• WHAT THE TASK ASKS:
In your copy, reproduce the entries exactly as they are, minus the images.
----- TASK DATA
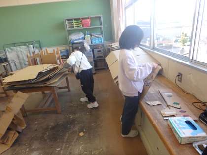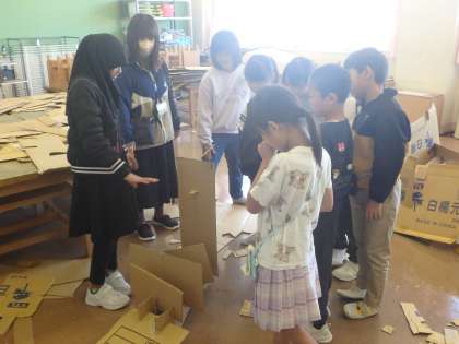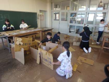 大きな段ボールで迷路を作ったり、友達と協力してパンダを作ったり、段ボールを組み合わせた形から動物に見立てたり、恐竜を作ろうと決めてそれに合わせて段ボールを組み合わせたり、、、それぞれが個性を発揮して作品づくりに取り組みました。
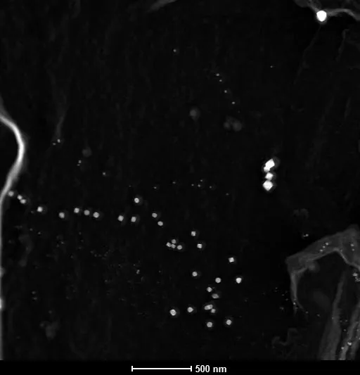 A complex heat treatment leads to a multimodal distribution of TiN precipitates in microalloyed steel. The figure below shows a Scanning Transmission Electron Microscopy (STEM) image with mass contrast (HAADF; the heavier, the brighter) of these particles. In this particular case the precipitates are extracted from the Fe matrix onto a thin carbon film (replica). Using this technique we are able to analyze particles down to several nanometers in size without disturbing contribution of the Fe matrix. Fig. shows three size populations of TiN precipitates. The chemical compositions of the nanoparticles were estimated using Energy Dispersive X-Ray Spectroscopy (EDX) and Electron Energy Loss Spectroscopy (EELS). The measurement of the sizes, chemical compositions and frequency of each population allows a better understanding of nitride precipitation and optimizing of the heat treatment.
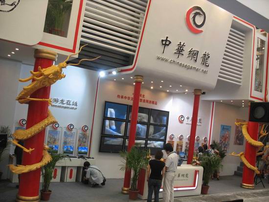 展区以亮白色为基底,象征「网龙」与「游龙」的两条金龙盘踞在正面喜庆正红双柱上,磅礡气势更显现中华网龙与游龙在线多年来专注于在线游戏开发首屈一指的龙头地位。中华网龙相信,研发在线游戏不仅只是信息科技的一环,更是娱乐产业的延伸,通过在线游戏互动与网络无远弗届的传递,网龙将秉持着以科技传承中华文化的精神,勇往直前,立足全球。
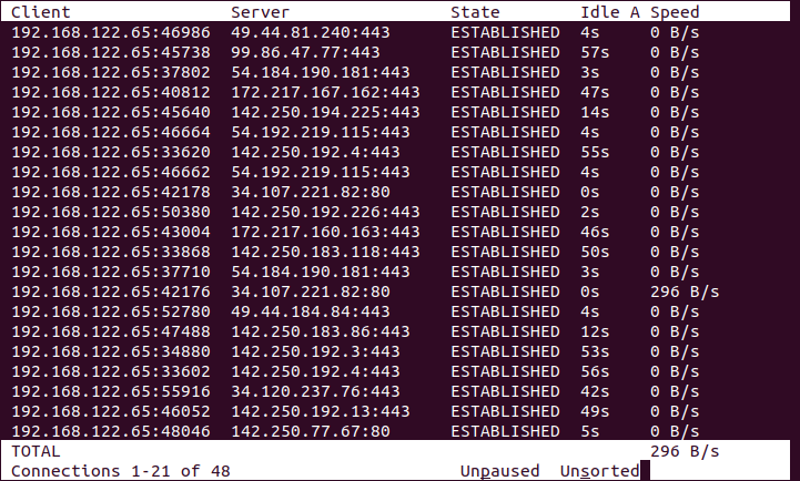 The tcptrack command is quite similar to iftop command. It captures packets and calculates network bandwidth for each TCP connection, it uses pcap library to do so.
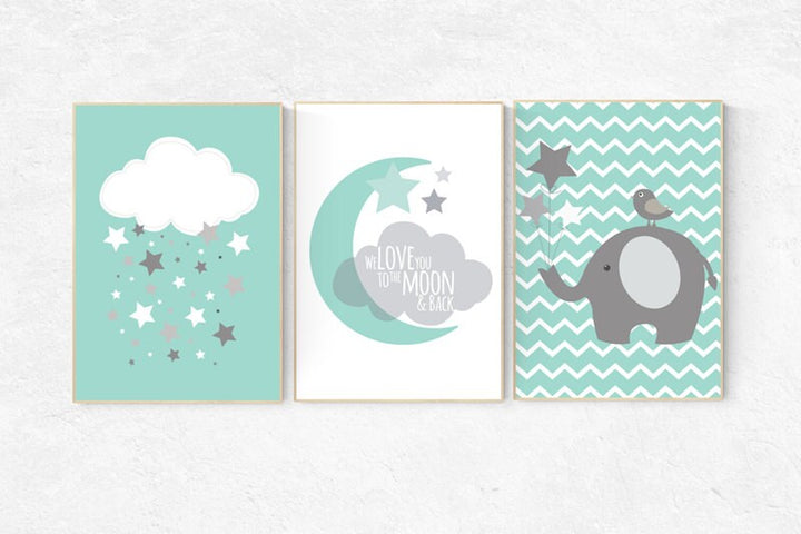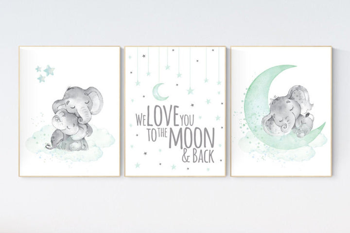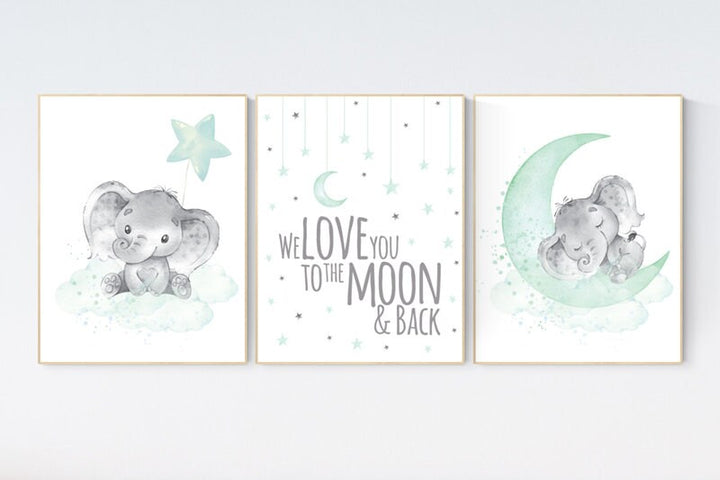 We love you to the moon and back, nursery decor, mint nursery decor, moon nursery, elephant nursery, nursery wall art, baby room wall art
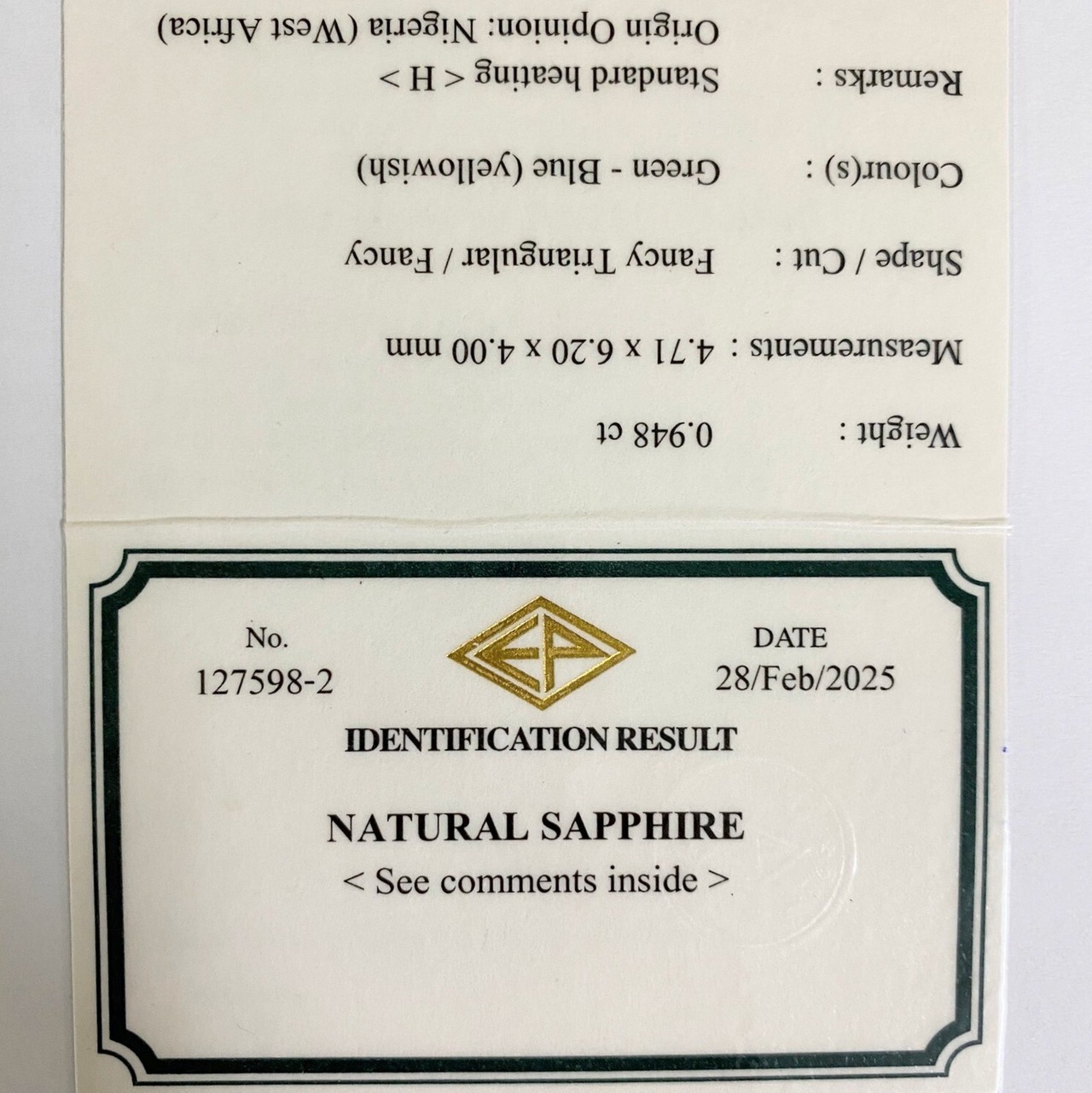 Bluish Green Sapphire 0.948ct / Nigeria
----------
• SOLVED EXERCISE:
 大きな段ボールで迷路を作ったり、友達と協力してパンダを作ったり、段ボールを組み合わせた形から動物に見立てたり、恐竜を作ろうと決めてそれに合わせて段ボールを組み合わせたり、、、それぞれが個性を発揮して作品づくりに取り組みました。
 A complex heat treatment leads to a multimodal distribution of TiN precipitates in microalloyed steel. The figure below shows a Scanning Transmission Electron Microscopy (STEM) image with mass contrast (HAADF; the heavier, the brighter) of these particles. In this particular case the precipitates are extracted from the Fe matrix onto a thin carbon film (replica). Using this technique we are able to analyze particles down to several nanometers in size without disturbing contribution of the Fe matrix. Fig. shows three size populations of TiN precipitates. The chemical compositions of the nanoparticles were estimated using Energy Dispersive X-Ray Spectroscopy (EDX) and Electron Energy Loss Spectroscopy (EELS). The measurement of the sizes, chemical compositions and frequency of each population allows a better understanding of nitride precipitation and optimizing of the heat treatment.
 展区以亮白色为基底,象征「网龙」与「游龙」的两条金龙盘踞在正面喜庆正红双柱上,磅礡气势更显现中华网龙与游龙在线多年来专注于在线游戏开发首屈一指的龙头地位。中华网龙相信,研发在线游戏不仅只是信息科技的一环,更是娱乐产业的延伸,通过在线游戏互动与网络无远弗届的传递,网龙将秉持着以科技传承中华文化的精神,勇往直前,立足全球。
 The tcptrack command is quite similar to iftop command. It captures packets and calculates network bandwidth for each TCP connection, it uses pcap library to do so.
 We love you to the moon and back, nursery decor, mint nursery decor, moon nursery, elephant nursery, nursery wall art, baby room wall art
 Bluish Green Sapphire 0.948ct / Nigeria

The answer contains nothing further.